Aemetis, Inc., a company focused on renewable natural gas and fuels with low and negative carbon intensity, announced today that its subsidiary at the Keyes plant has entered into an engineering, procurement, and construction (EPC) contract with NPL Construction Co., a subsidiary of Centuri Holdings, Inc. (NYSE: CTRI), a $2.6 billion infrastructure services provider. The contract aims to install a Mechanical Vapor Recompression (MVR) system at the company’s 65-million-gallon-per-year ethanol facility in Keyes, California. The total estimated cost of the project is $30 million.

The project has secured approximately $19.7 million in tax credits and grants, supported by the U.S. Department of Energy (via the Internal Revenue Service), the California Energy Commission, and Pacific Gas & Electric. The MVR system is expected to be completed by the second quarter of 2026.

Once the system is operational, it is projected to reduce natural gas consumption at the Keyes plant by up to 80%, leading to an estimated $32 million in incremental annual cash flow from energy savings. The upgrade will also enhance Low Carbon Fuel Standard (LCFS) credits due to a significant reduction in the carbon intensity of the produced ethanol and increase transferrable Section 45Z production tax credits.

“This project represents a high-return, impactful upgrade to our California ethanol plant with minimal equity dilution,” said Eric McAfee, Chairman and CEO of Aemetis. “The MVR system will significantly improve our operating margins, strengthen cash flow, and help us meet our goal of reducing emissions from the renewable fuel we produce.”

Dylan Hradek, President of Centuri US Gas, expressed enthusiasm about expanding the partnership with Aemetis. “We’re committed to advancing California’s clean energy goals through renewable fuels, and our team is well-equipped to deliver the energy infrastructure needed to build a more sustainable future,” he said.
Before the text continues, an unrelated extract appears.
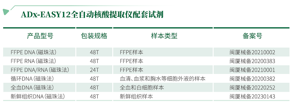 EASY 12 全自動(dòng)核酸提取儀全自動(dòng)化實(shí)現(xiàn)FFPE樣本DNA、RNA單提、共提,及大體積血漿、血液、胸水、新鮮組織DNA等核酸提取功能。采用磁珠移液法提取純化原理,搭配配套試劑通過(guò)側(cè)壁吸附磁珠、轉(zhuǎn)移液體的方式,實(shí)現(xiàn)核酸的純化和富集。

The MVR project is a key component of Aemetis’ multi-year strategy to grow its Dairy Renewable Natural Gas production, which includes 18 dairies already in operation or under construction, along with the recent approval of seven California Air Resources Board (CARB) LCFS pathways. The system will enhance the efficiency of Aemetis’ California ethanol operations while capturing value from regulatory trends such as rising LCFS credit prices, Section 45Z tax credit monetization, and the anticipated adoption of E15 (15% ethanol blend) in California.